**Task description**
Everything below from the line with "Mezcla en una" through the line with "Набір для сауни" must be retyped exactly, except the pictures.

**Task material**
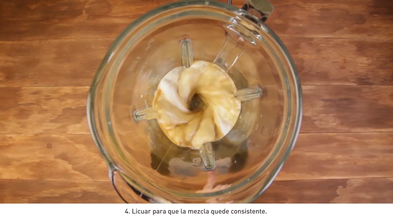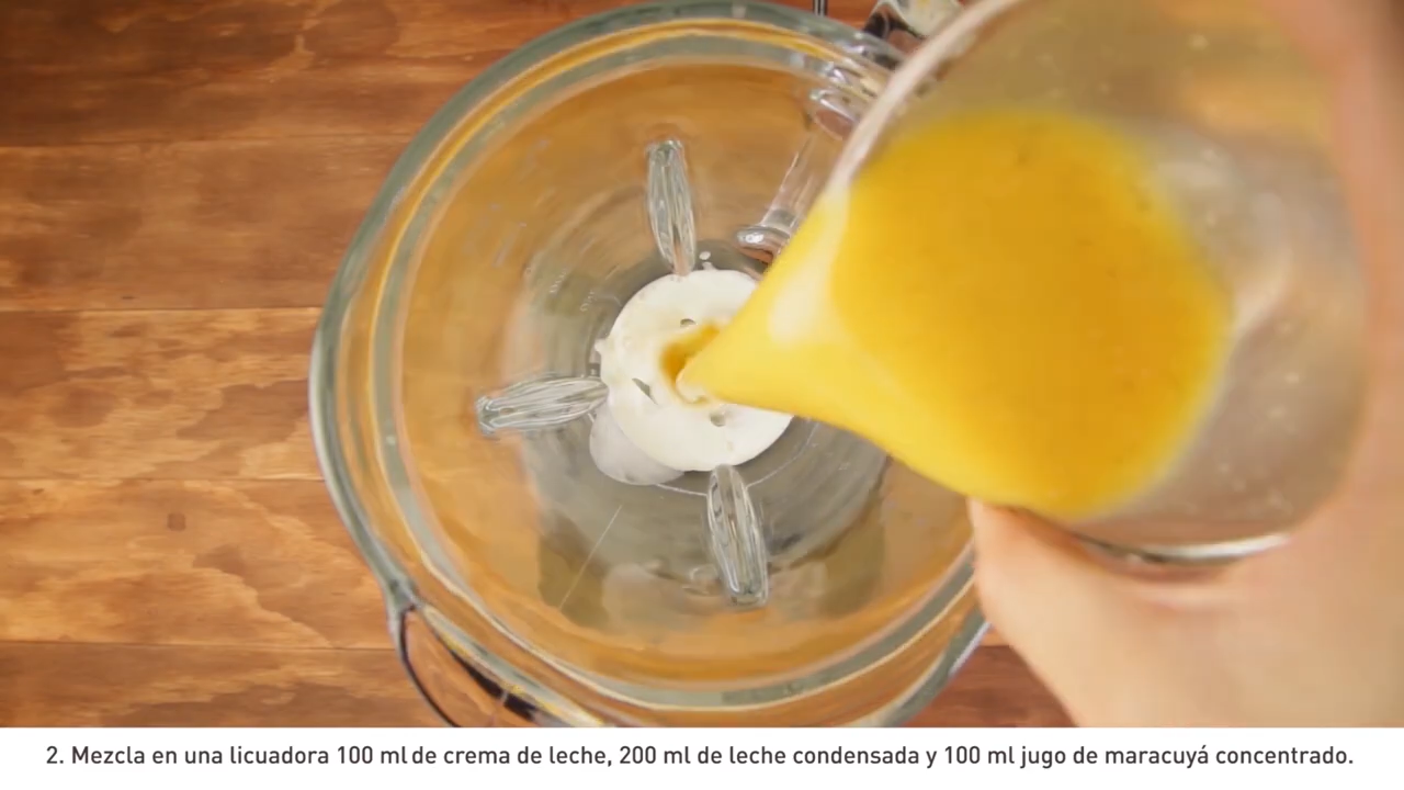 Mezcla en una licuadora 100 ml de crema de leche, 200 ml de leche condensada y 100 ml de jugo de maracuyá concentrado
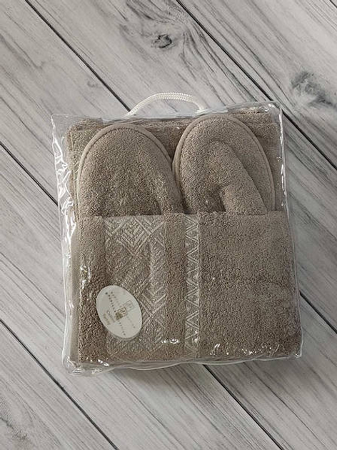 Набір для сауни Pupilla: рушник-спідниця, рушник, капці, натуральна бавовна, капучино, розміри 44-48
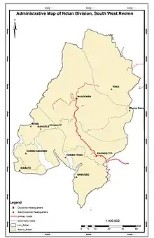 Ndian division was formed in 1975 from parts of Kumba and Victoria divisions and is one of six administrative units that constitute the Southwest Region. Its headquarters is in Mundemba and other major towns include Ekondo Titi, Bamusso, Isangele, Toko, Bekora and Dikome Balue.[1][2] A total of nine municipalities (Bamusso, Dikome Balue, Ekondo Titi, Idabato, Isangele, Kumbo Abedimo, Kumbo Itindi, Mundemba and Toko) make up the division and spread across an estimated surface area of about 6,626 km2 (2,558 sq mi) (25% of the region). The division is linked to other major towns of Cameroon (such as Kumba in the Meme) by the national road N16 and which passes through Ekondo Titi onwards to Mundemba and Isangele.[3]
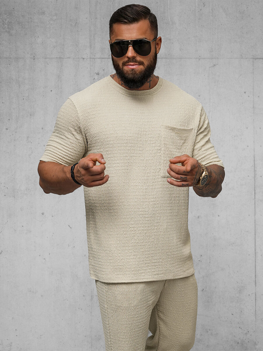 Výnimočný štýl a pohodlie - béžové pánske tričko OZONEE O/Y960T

* * *

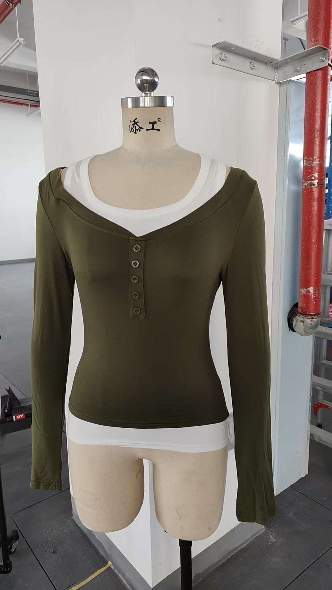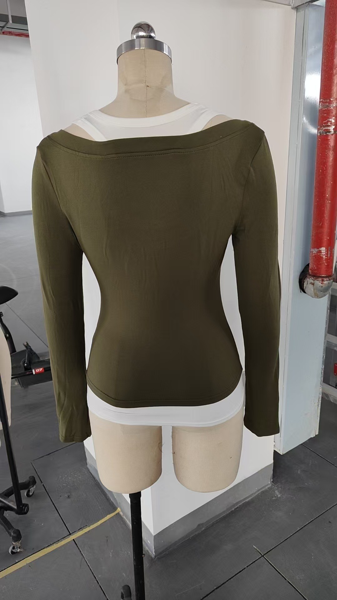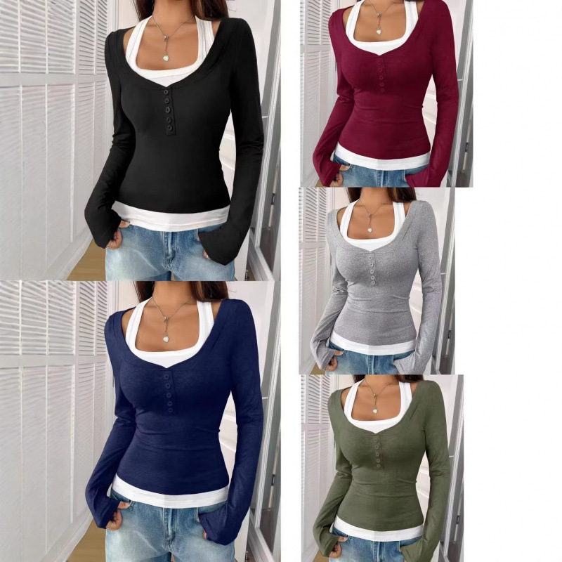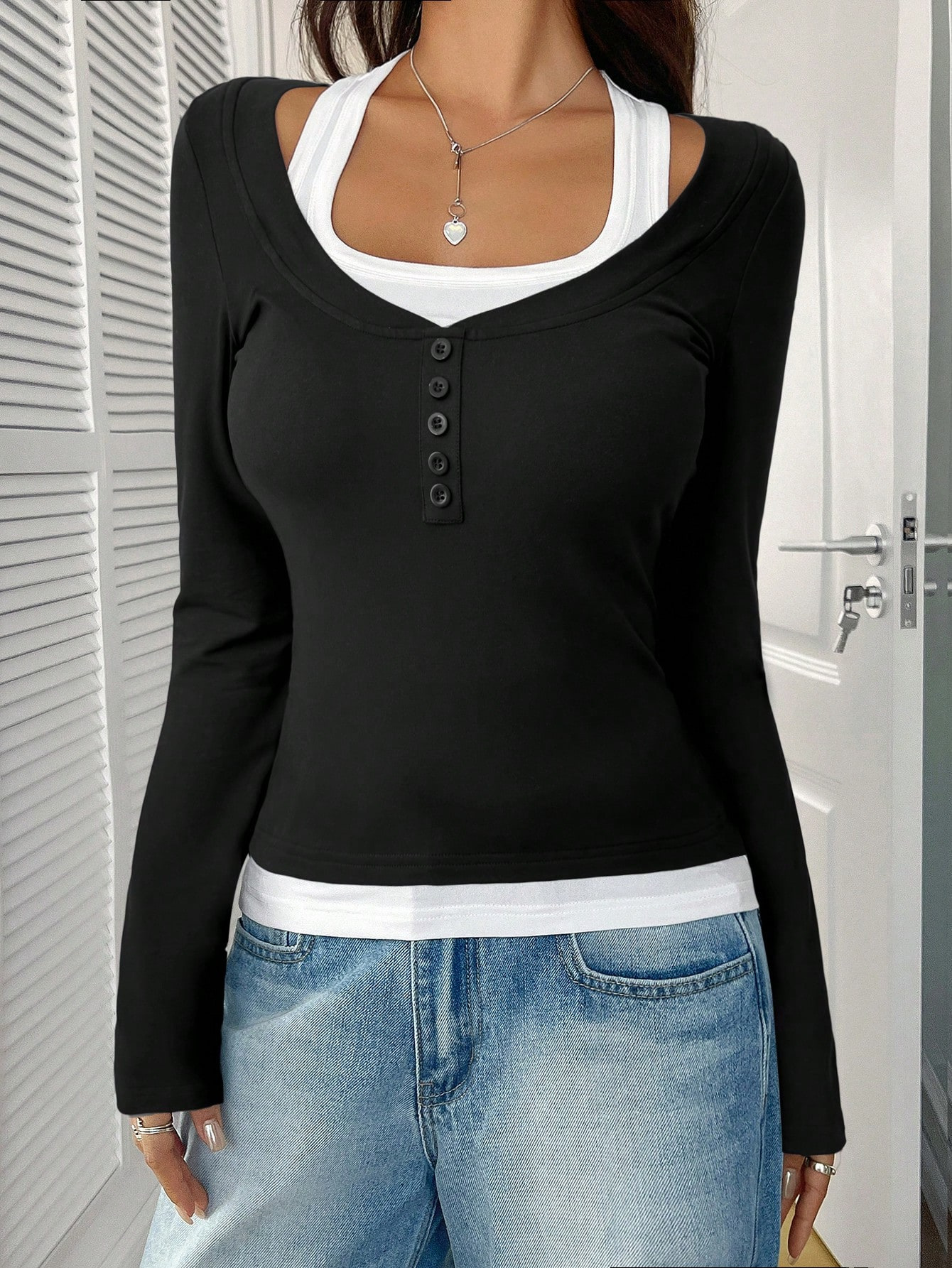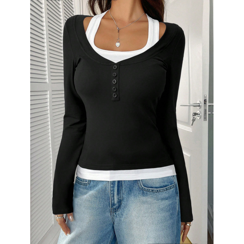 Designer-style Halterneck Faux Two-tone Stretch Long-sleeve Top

**Answer to this exercise**
 Mezcla en una licuadora 100 ml de crema de leche, 200 ml de leche condensada y 100 ml de jugo de maracuyá concentrado
 Набір для сауни Pupilla: рушник-спідниця, рушник, капці, натуральна бавовна, капучино, розміри 44-48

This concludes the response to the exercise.